Transcribe, exactly and without pictures, the lines below from the line with "近日链上数据服务商Coin?" to the line with "1900一张出售大陆奥运钞三连售价一张通走", both ends included, and no others.

*** Data shown ***

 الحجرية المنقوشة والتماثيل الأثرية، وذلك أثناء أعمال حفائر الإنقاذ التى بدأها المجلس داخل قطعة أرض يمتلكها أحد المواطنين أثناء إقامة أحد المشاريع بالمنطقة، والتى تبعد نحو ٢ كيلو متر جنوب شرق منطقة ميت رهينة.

*** End of Data shown ***
*** Data shown ***

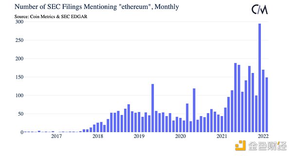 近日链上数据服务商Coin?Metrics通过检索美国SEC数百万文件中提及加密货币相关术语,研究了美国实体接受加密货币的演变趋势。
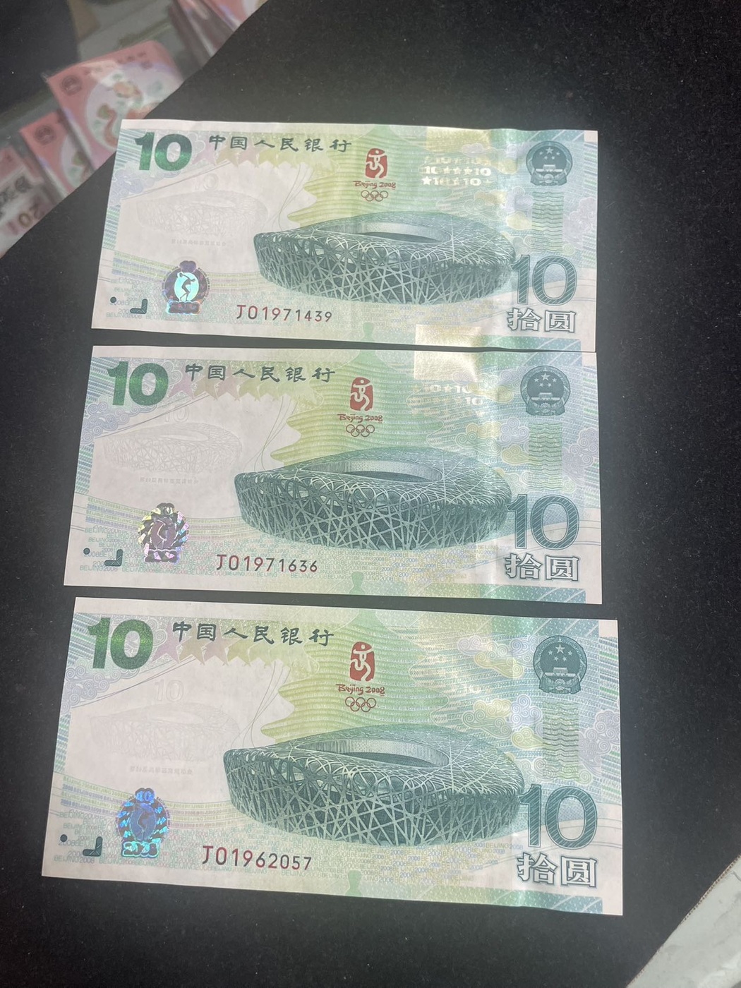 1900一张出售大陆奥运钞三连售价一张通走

*** End of Data shown ***

* [Answer below]
 近日链上数据服务商Coin?Metrics通过检索美国SEC数百万文件中提及加密货币相关术语,研究了美国实体接受加密货币的演变趋势。
 1900一张出售大陆奥运钞三连售价一张通走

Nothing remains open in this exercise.